Founder and controversial former CEO Adam Neumann couldn’t help to weigh in on the company’s current troubles.
“It has been challenging for me to watch from the sidelines since 2019 as WeWork has failed to take advantage of a product that is more relevant today than ever before. I believe that, with the right strategy and team, a reorganization will enable WeWork to emerge successfully,” he said in a statement.
Rafi Sands is the CEO and founder of San Francisco’s Tandem, just one of the many startups attempting to peel away WeWork’s clients.
Last week, Sands was riding down the elevator in WeWork’s 650 California St. location and said he had his first-ever “real-life elevator pitch” for his startup to a current WeWork member.
“The immediate concern is [WeWork clients] just don’t know what’s going on. Obviously, not all the locations are going to close. Many will stay around, but there’s really no visibility at all,” he said.

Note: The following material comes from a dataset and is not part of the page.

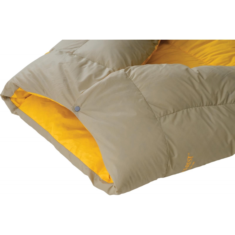 Łącząc lekki komfort, funkcjonalność i odpowiednią ilość ciepła, kołdra Corus jest idealna na cieplejsze, trzysezonowe przygody w terenie lub jako część systemu warstwowego w chłodniejszych warunkach. Wykonana z pakownego, hydrofobowego puchu i skonstruowana z wykorzystaniem komór kasetowych, zapewnia doskonałą regulację temperatury. Corus oferuje zaskakująco wyzwalające uczucie nieograniczonego ruchu przez całą noc, podobnie jak Twoja kołdra w domu. Specjalnie zaprojektowany, dopasowany do stóp footbox może być naciągnięty na materac, aby wyeliminować przeciągi, lub na stopy, zapewniając dodatkowe ciepło. Zapięcie na zatrzask przy szyi utrzymuje kołdrę na miejscu w chłodniejsze noce.

He credits WeWork with helping to create the category of flexible office space, which has shown a growth in tenant demand amid a larger office downturn. WeWork could have survived in the current world where revenue-share models between landlords and operators predominate, Sands believes, instead of expanding during the pandemic, which tied the company to the costly and inflexible long-term leases that eventually led it into bankruptcy.
“There’s going to be so many business school cases that come out of this,” Sands said. “I think the losers are going to be the ones who see the headlines and don’t read to page 2.”
Sandeep Panda, a startup co-founder who splits his time between San Francisco and Bangalore, would often visit the 650 California St. WeWork location during his time in the city.
“It has been having a few rough years, but I never felt any degradation in quality,” Panda said.
But though he’ll miss the coworking space’s amenities and perks if the company closes up its office spaces, there are other free alternatives in the area he pointed to, such as the Capital One Cafe.
“I’ll miss WeWork, but it’s not the end of the world,” Panda said.